**WHAT YOU NEED TO DO:** Nothing in the entries may change when you repeat them, and no images may appear.

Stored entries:
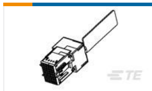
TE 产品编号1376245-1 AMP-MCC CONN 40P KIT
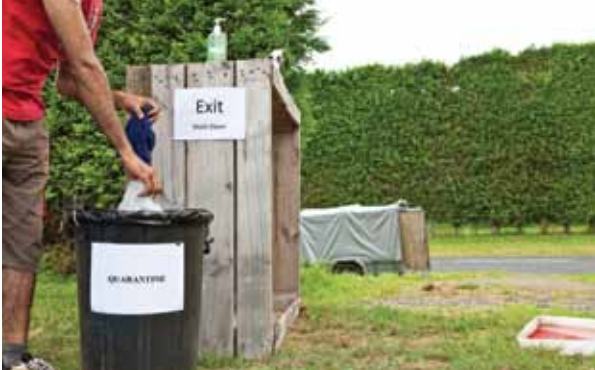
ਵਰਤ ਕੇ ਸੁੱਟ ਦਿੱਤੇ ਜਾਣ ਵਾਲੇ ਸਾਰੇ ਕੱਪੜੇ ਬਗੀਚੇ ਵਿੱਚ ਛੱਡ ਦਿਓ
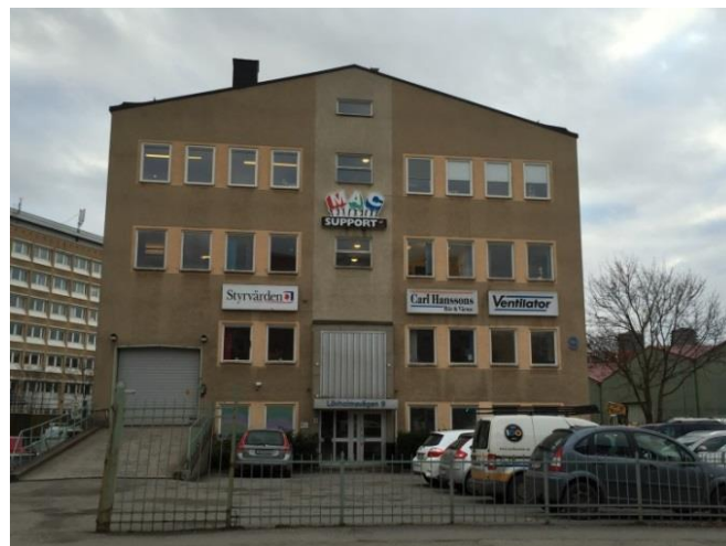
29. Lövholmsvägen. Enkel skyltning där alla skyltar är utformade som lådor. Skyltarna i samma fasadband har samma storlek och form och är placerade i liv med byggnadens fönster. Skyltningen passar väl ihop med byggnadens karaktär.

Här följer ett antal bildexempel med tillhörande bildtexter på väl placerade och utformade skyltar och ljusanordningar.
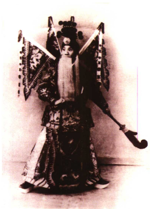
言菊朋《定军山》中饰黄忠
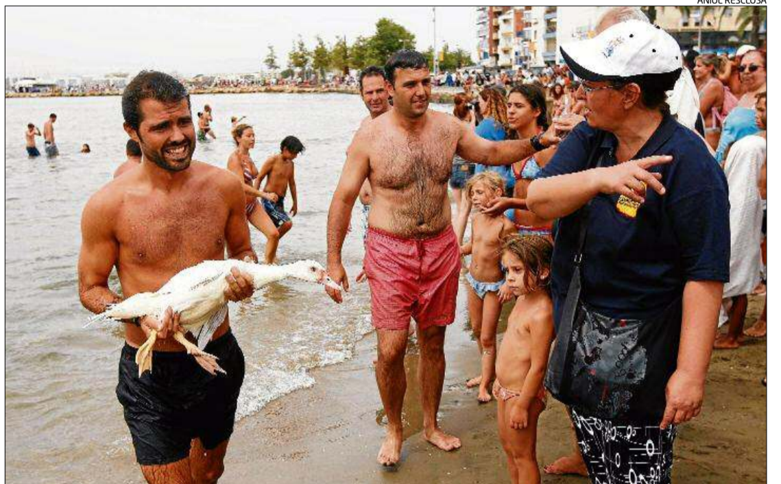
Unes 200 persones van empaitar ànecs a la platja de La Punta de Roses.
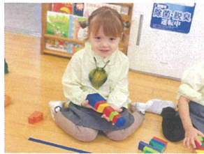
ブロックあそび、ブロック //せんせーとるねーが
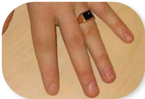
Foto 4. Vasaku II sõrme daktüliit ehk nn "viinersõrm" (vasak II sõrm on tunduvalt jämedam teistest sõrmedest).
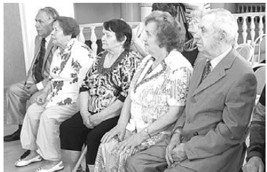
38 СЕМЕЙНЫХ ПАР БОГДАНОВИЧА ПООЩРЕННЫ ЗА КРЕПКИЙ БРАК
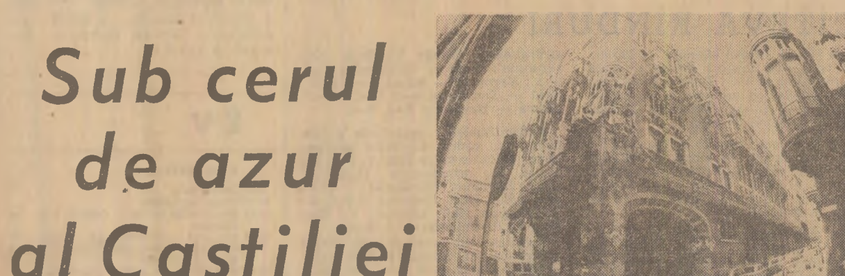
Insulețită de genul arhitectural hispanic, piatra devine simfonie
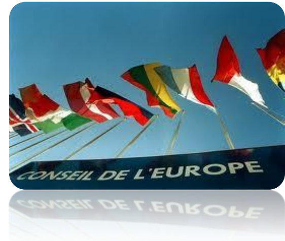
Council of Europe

**SOLUTION:**
TE 产品编号1376245-1 AMP-MCC CONN 40P KIT
ਵਰਤ ਕੇ ਸੁੱਟ ਦਿੱਤੇ ਜਾਣ ਵਾਲੇ ਸਾਰੇ ਕੱਪੜੇ ਬਗੀਚੇ ਵਿੱਚ ਛੱਡ ਦਿਓ
29. Lövholmsvägen. Enkel skyltning där alla skyltar är utformade som lådor. Skyltarna i samma fasadband har samma storlek och form och är placerade i liv med byggnadens fönster. Skyltningen passar väl ihop med byggnadens karaktär.

Här följer ett antal bildexempel med tillhörande bildtexter på väl placerade och utformade skyltar och ljusanordningar.
言菊朋《定军山》中饰黄忠
Unes 200 persones van empaitar ànecs a la platja de La Punta de Roses.
ブロックあそび、ブロック //せんせーとるねーが
Foto 4. Vasaku II sõrme daktüliit ehk nn "viinersõrm" (vasak II sõrm on tunduvalt jämedam teistest sõrmedest).
38 СЕМЕЙНЫХ ПАР БОГДАНОВИЧА ПООЩРЕННЫ ЗА КРЕПКИЙ БРАК
Insulețită de genul arhitectural hispanic, piatra devine simfonie
Council of Europe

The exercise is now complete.